Ghasemian Maryam, Gerido Lynette Hammond, Ayday Erman
Case Western Reserve University, Cleveland, OH.
bioRxiv. 2024 Sep 24:2024.09.20.614092. doi: 10.1101/2024.09.20.614092.
As genomic research continues to advance, sharing of genomic data and research outcomes has become increasingly important for fostering collaboration and accelerating scientific discovery. However, such data sharing must be balanced with the need to protect the privacy of individuals whose genetic information is being utilized. This paper presents a bidirectional framework for evaluating privacy risks associated with data shared (both in terms of summary statistics and research datasets) in genomic research papers, particularly focusing on re-identification risks such as membership inference attacks (MIA). The framework consists of a structured workflow that begins with a questionnaire designed to capture researchers' (authors') self-reported data sharing practices and privacy protection measures. Responses are used to calculate the risk of re-identification for their study (paper) when compared with the National Institutes of Health (NIH) genomic data sharing policy. Any gaps in compliance help us to identify potential vulnerabilities and encourage the researchers to enhance their privacy measures before submitting their research for publication. The paper also demonstrates the application of this framework, using published genomic research as case study scenarios to emphasize the importance of implementing bidirectional frameworks to support trustworthy open science and genomic data sharing practices.

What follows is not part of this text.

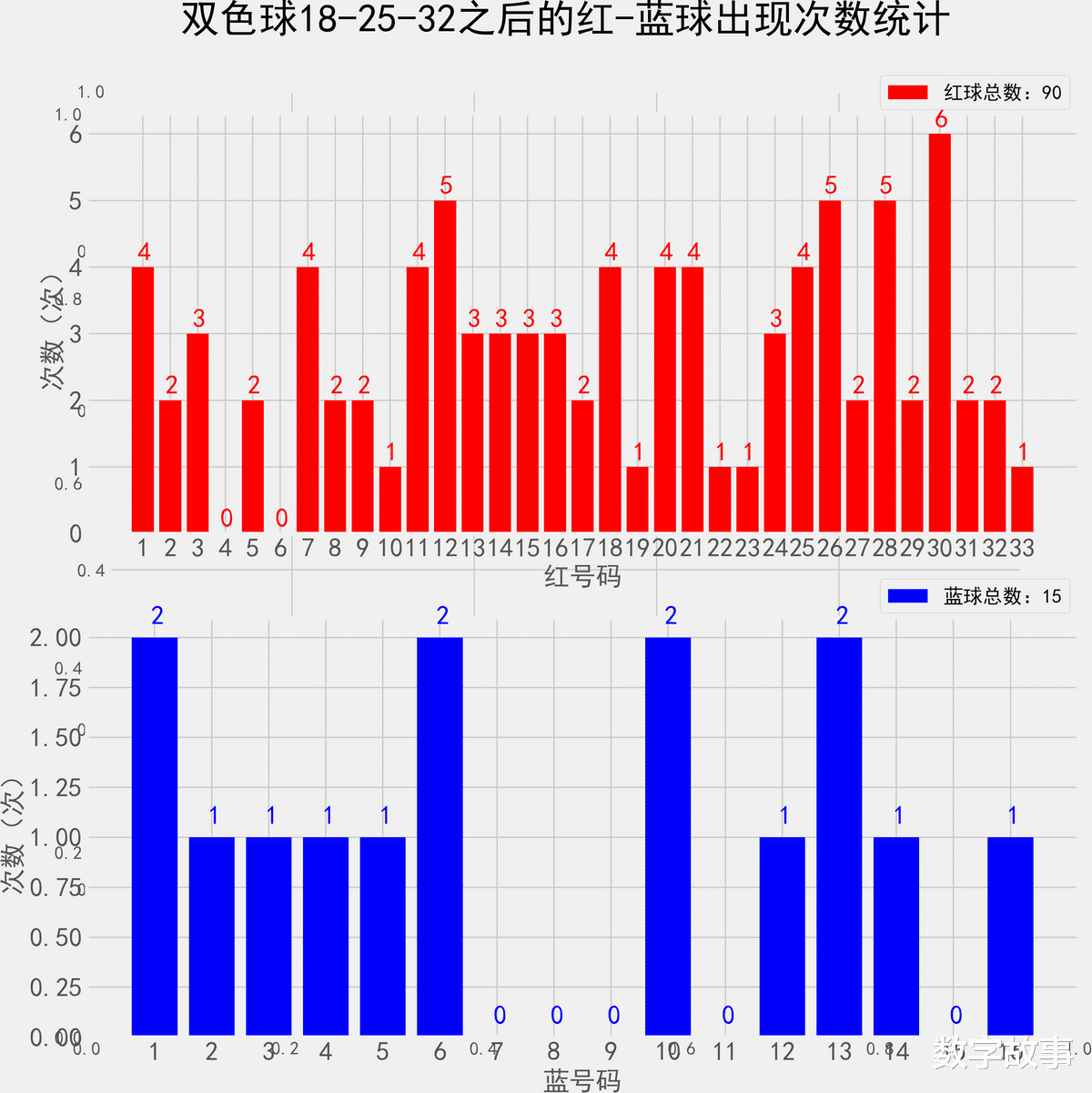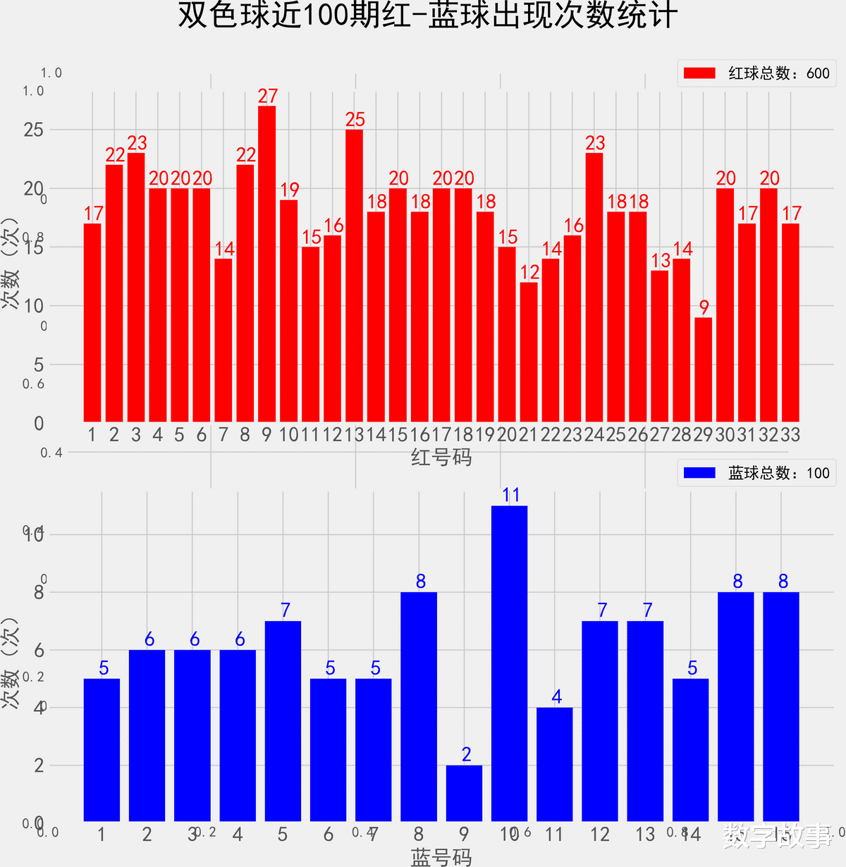 双色球近100期红蓝号统计情况统计样本数据: 600个红球 100个蓝球

随着基因组研究的不断推进,基因组数据和研究成果的共享对于促进合作和加速科学发现变得越来越重要。然而,这种数据共享必须与保护那些其遗传信息被使用的个人隐私的需求相平衡。本文提出了一个双向框架,用于评估基因组研究论文中共享数据(包括汇总统计数据和研究数据集)相关的隐私风险,特别关注诸如成员推理攻击(MIA)等重新识别风险。该框架由一个结构化工作流程组成,该流程始于一份旨在获取研究人员(作者)自我报告的数据共享实践和隐私保护措施的问卷。与美国国立卫生研究院(NIH)的基因组数据共享政策相比,这些回答用于计算其研究(论文)的重新识别风险。合规方面的任何差距有助于我们识别潜在漏洞,并鼓励研究人员在提交研究成果发表之前加强其隐私措施。本文还通过将已发表的基因组研究作为案例研究场景,展示了该框架的应用,以强调实施双向框架以支持可信的开放科学和基因组数据共享实践的重要性。